→ Goal of the exercise
Only the lines from the line that contains "Add cream of" through the final line of the entries below belong in your answer, copied exactly and without pictures.

→ Input for this task

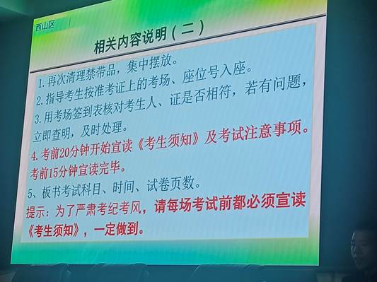 纪委书记金吉斌强调有关考纪考风的规定,要求全体监考教师和考务工作人员按照依法治考的要求,规范考场管理,严格执行统一的操作程序,严肃纪律,杜绝违纪舞弊事件发生,维护社会稳定。
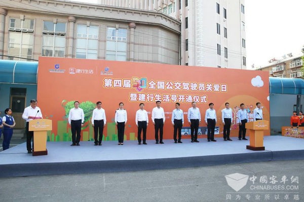 活动现场,中国建设银行山东省分行党委书记、行长杨军与济南公交集团董事长、党委书记石军共同为建行生活号揭牌,共同开启济南公交第四届“520全国公交驾驶员关爱日”主题活动。
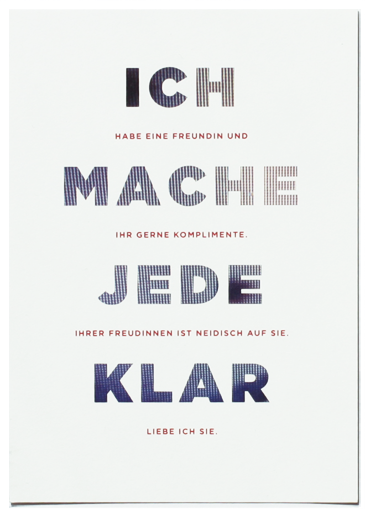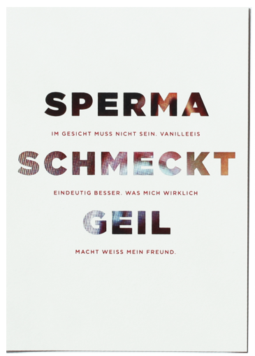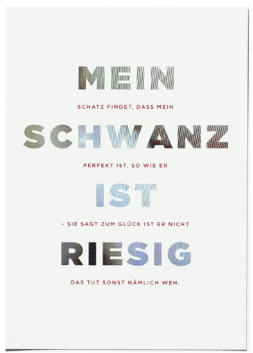 At first glance the postcards show what one could falsely learn from pornography and perceive as reality. But if you read between the lines you can see the truth that might be hidden behind that facade. ("My dick is huge" vs. "My dick is just right. My girlfriend says that it would hurt if it were huge.")
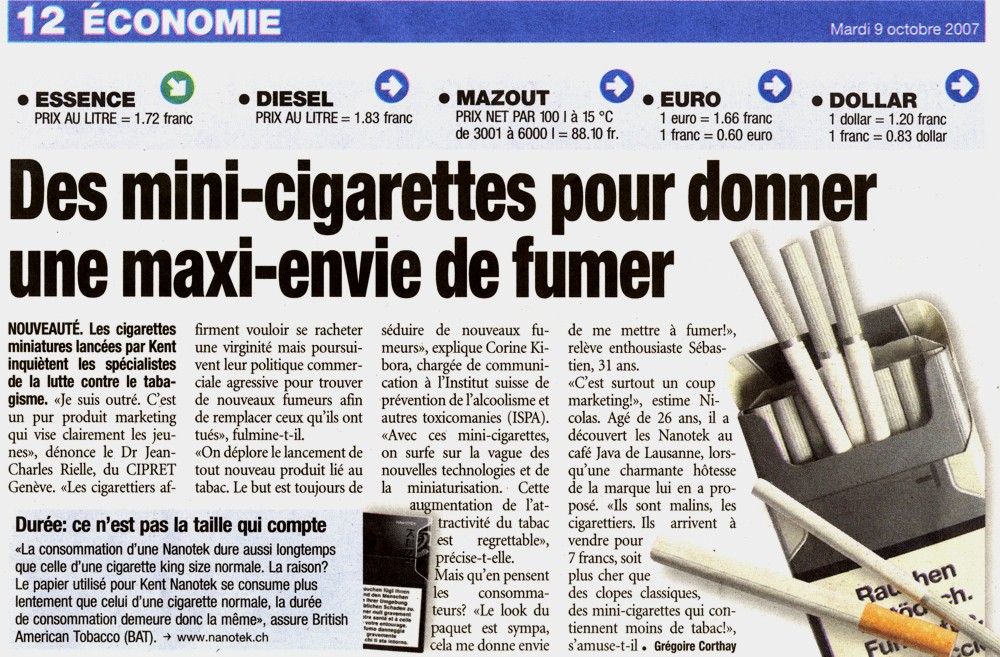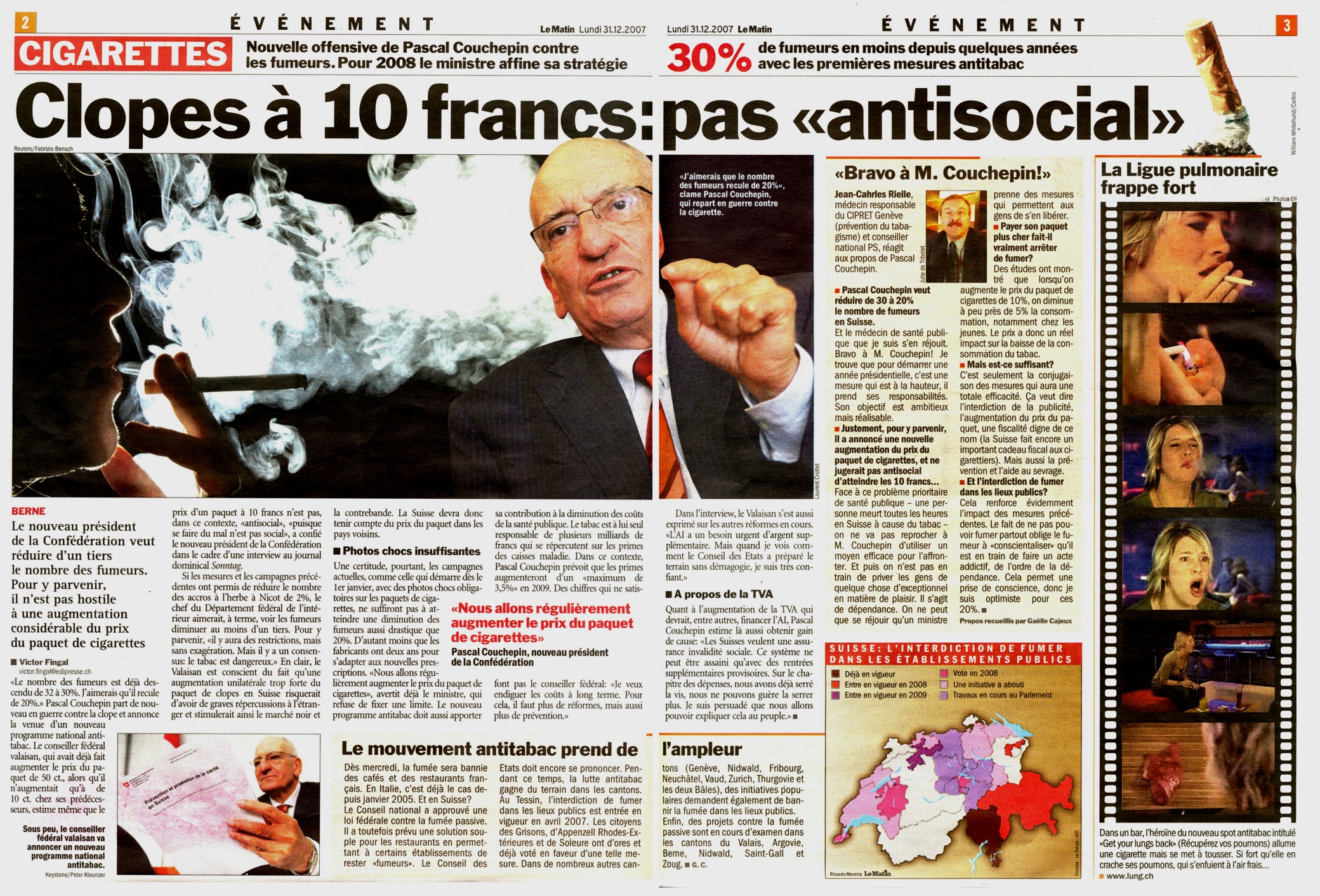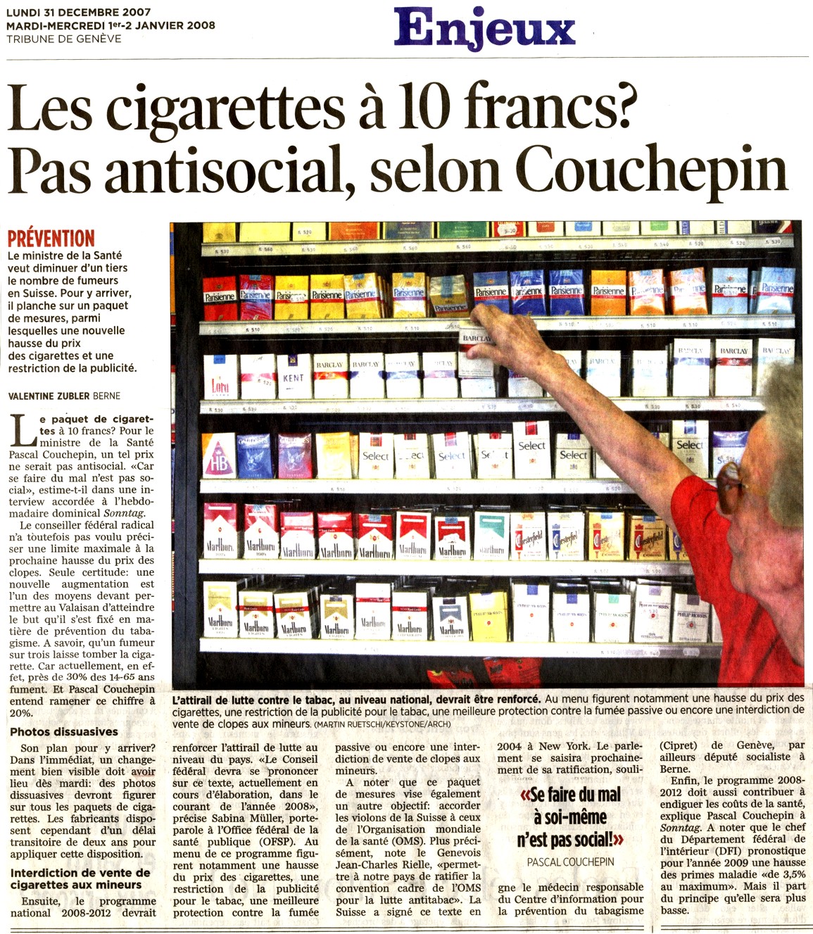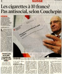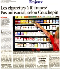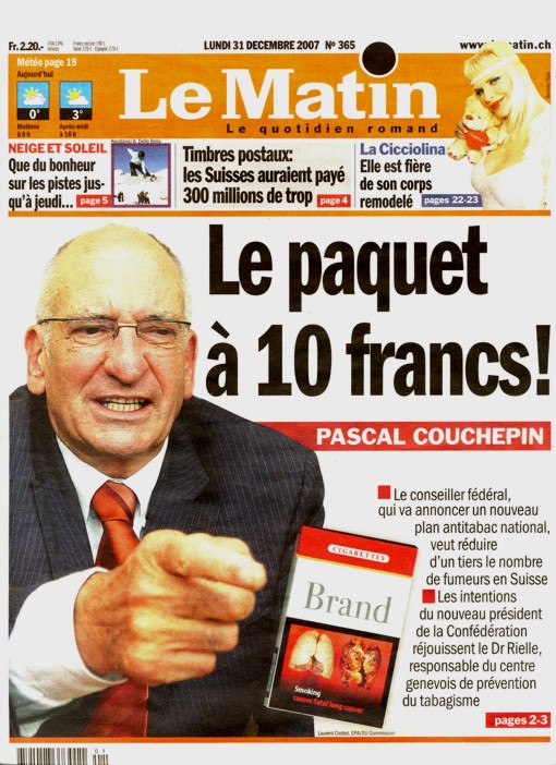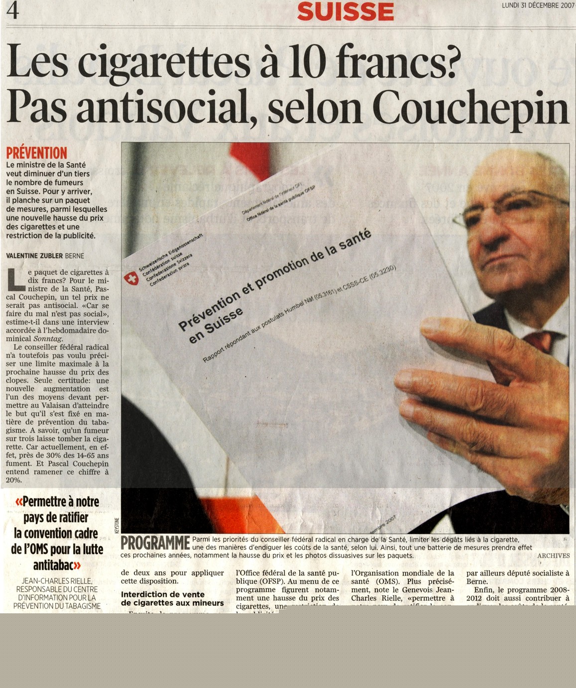 Cigarettes : un paquet à 10 francs ? Pascal Couchepin est favorable à l’augmentation du prix des cigarettes pour réduire le nombre de fumeurs en Suisse. Sur le vif : Pascal Diethelm , président de l'association « OxyRomandie », qui lutte contre la fumée passive.
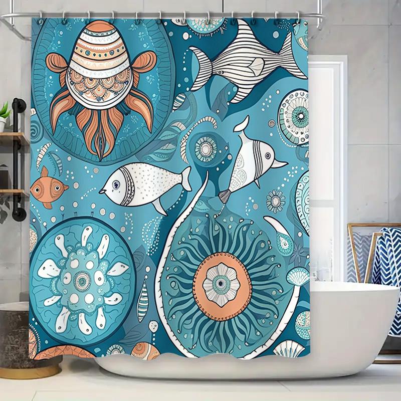Decorative Octopus Fish Blue Shower Curtain Unique Artistic Design for Bathroom Decorations
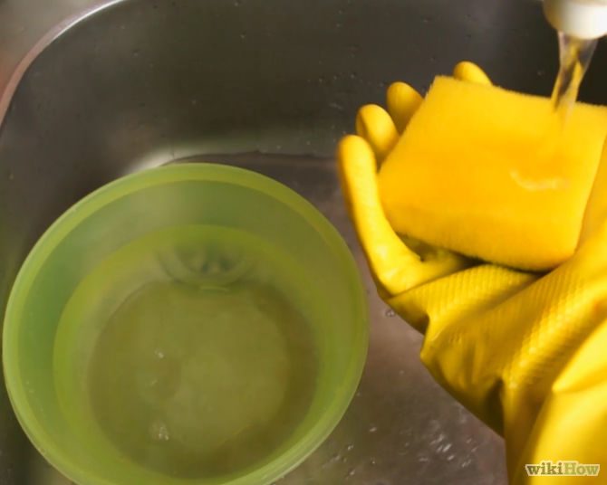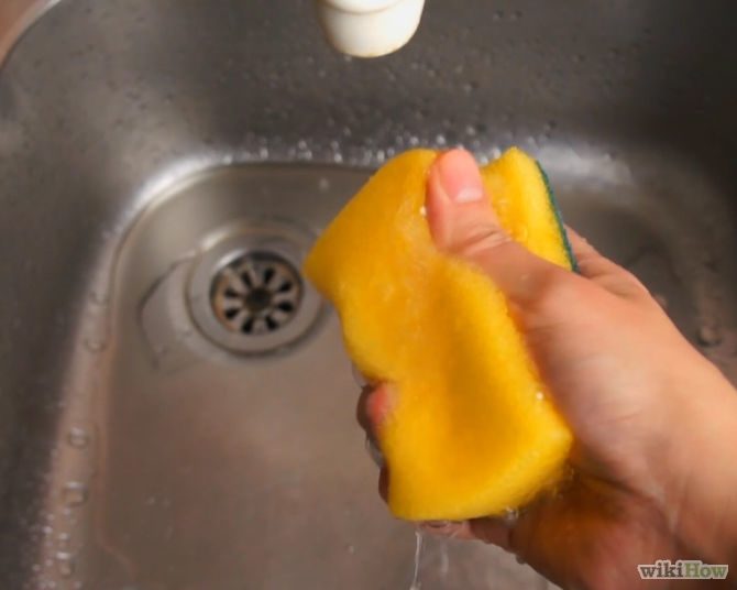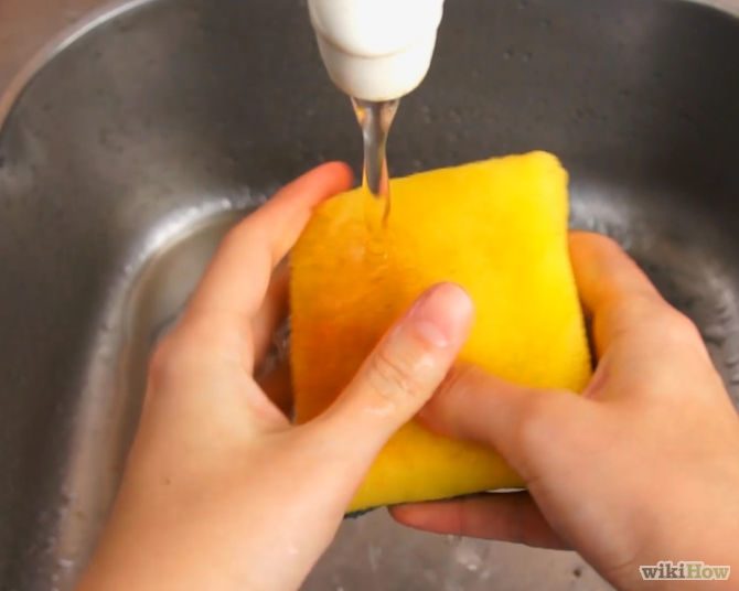 3.Вымойте губку так хорошо, как сможете, используя воду и средства для мытья посуды. Хорошо прополощите губку после этого.
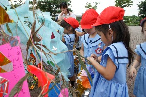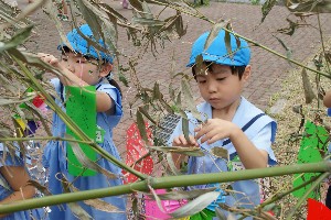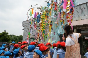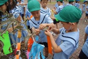 舎人公園へ年長組がみどり幼稚園の代表として“七夕飾り”に行きました。みんなの願い事を書いた短冊もしっかり結んで、とても素敵な笹が完成しました。子ども達が明るく元気に健やかに育ちますように☆★☆7月7日まで舎人公園管理事務所前に飾ってありますのでご覧ください☆
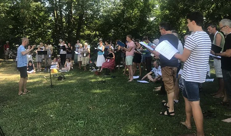 Le concert d’ouverture du Festival des Nuits d’Eté a cette année une résonance de fraternité. En effet, Voix et Chemins d’Europe (VoCE) est un projet artistique initié en 2014, destiné à rassembler plusieurs chœurs européens autour de différentes œuvres vocales, dans le but de commémorer ensemble, le centenaire de la 1ère guerre mondiale. Ainsi, un collectif éphémère a réuni 9 chœurs venus de Belgique, Pologne, Allemagne, Bosnie-Herzégovine, Roumanie, et France lors de plusieurs évènements à travers les grandes villes européennes.
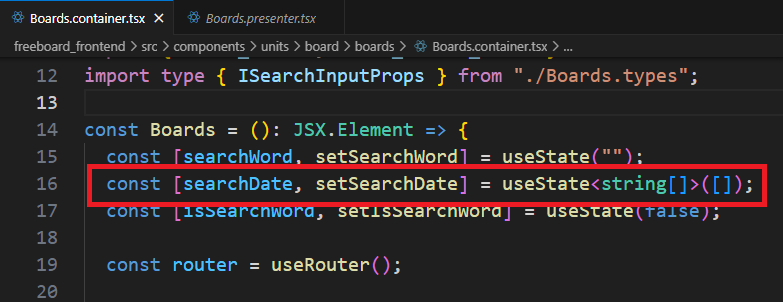 날짜 검색 기능을 구현하기 위해 searchDate state를 추가했습니다.
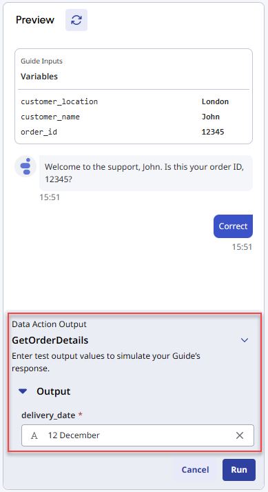 - 각 변수에 값을 할당하고 클릭하세요. 달리다 . 위젯은 변수 값을 아래에 표시합니다. 가이드 입력 채팅 시뮬레이션을 시작합니다.
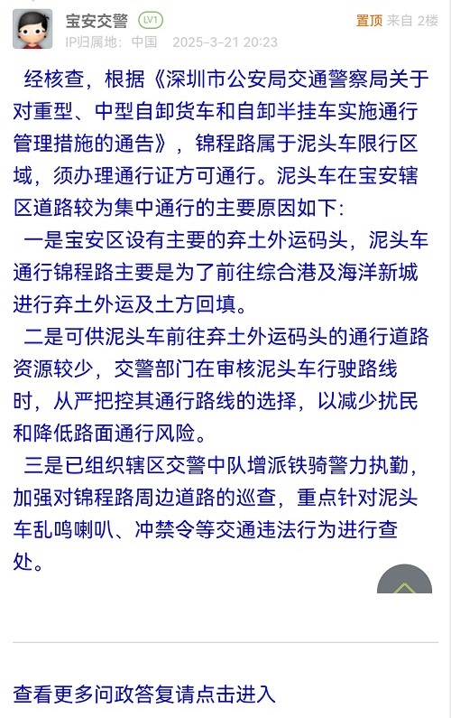 经核查,根据《深圳市公安局交通警察局关于对重型、中型自卸货车和自卸半挂车实施通行管理措施的通告》,锦程路属于泥头车限行区域,须办理通行证方可通行。泥头车在宝安辖区道路较为集中通行的主要原因如下:
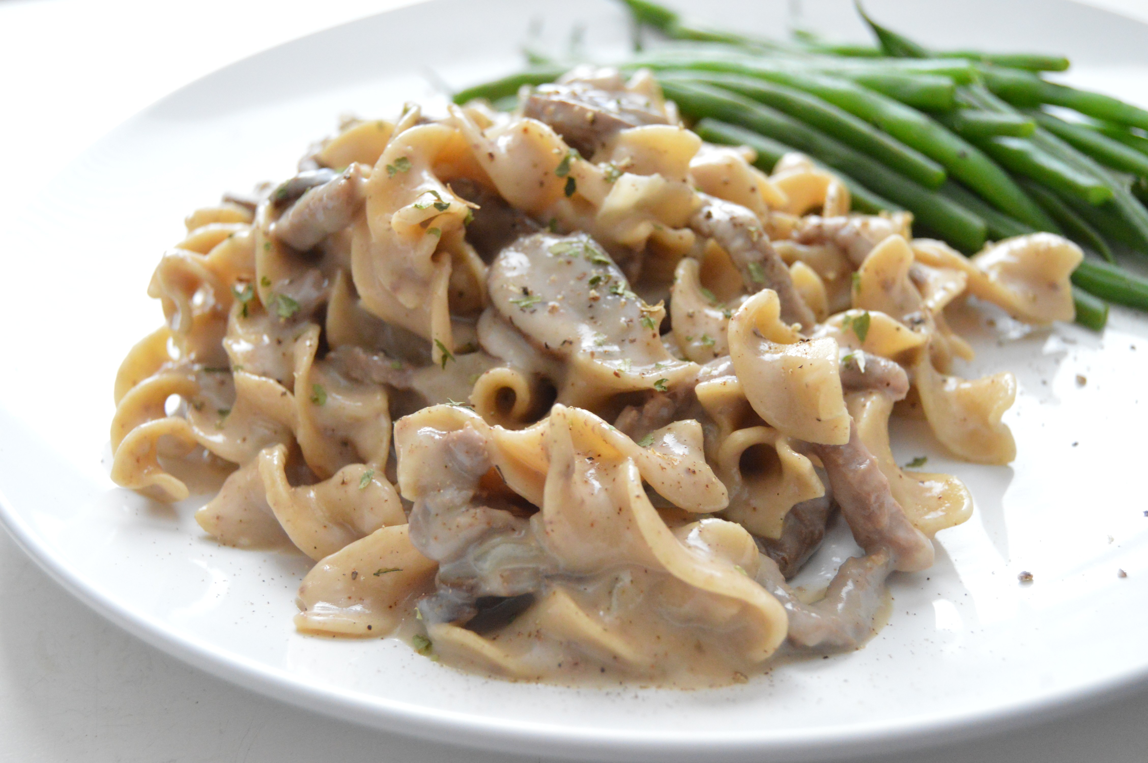 Add cream of mushroom soup or make white sauce. Combine all and serve. Stir remaining broth into flour; stir into beef mixture. Add onion mixture; heat to boiling, stirring constantly. Boil and stir 1 minute. Stir in sour cream; heat until hot (do not boil). Serve over noodles.
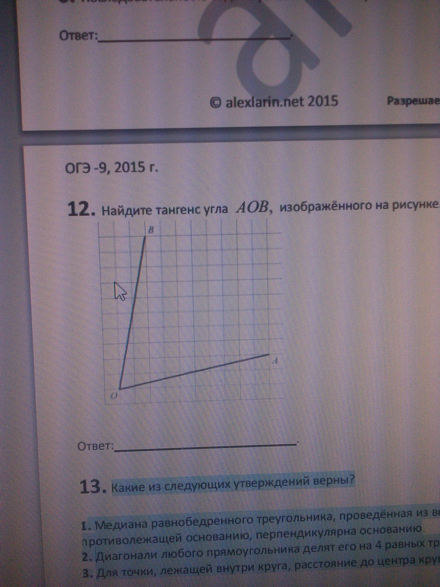 АВ² = ОВ² + ОА² - 2*ОВ*ОА*cosx

→ Problem solution
 Add cream of mushroom soup or make white sauce. Combine all and serve. Stir remaining broth into flour; stir into beef mixture. Add onion mixture; heat to boiling, stirring constantly. Boil and stir 1 minute. Stir in sour cream; heat until hot (do not boil). Serve over noodles.
 АВ² = ОВ² + ОА² - 2*ОВ*ОА*cosx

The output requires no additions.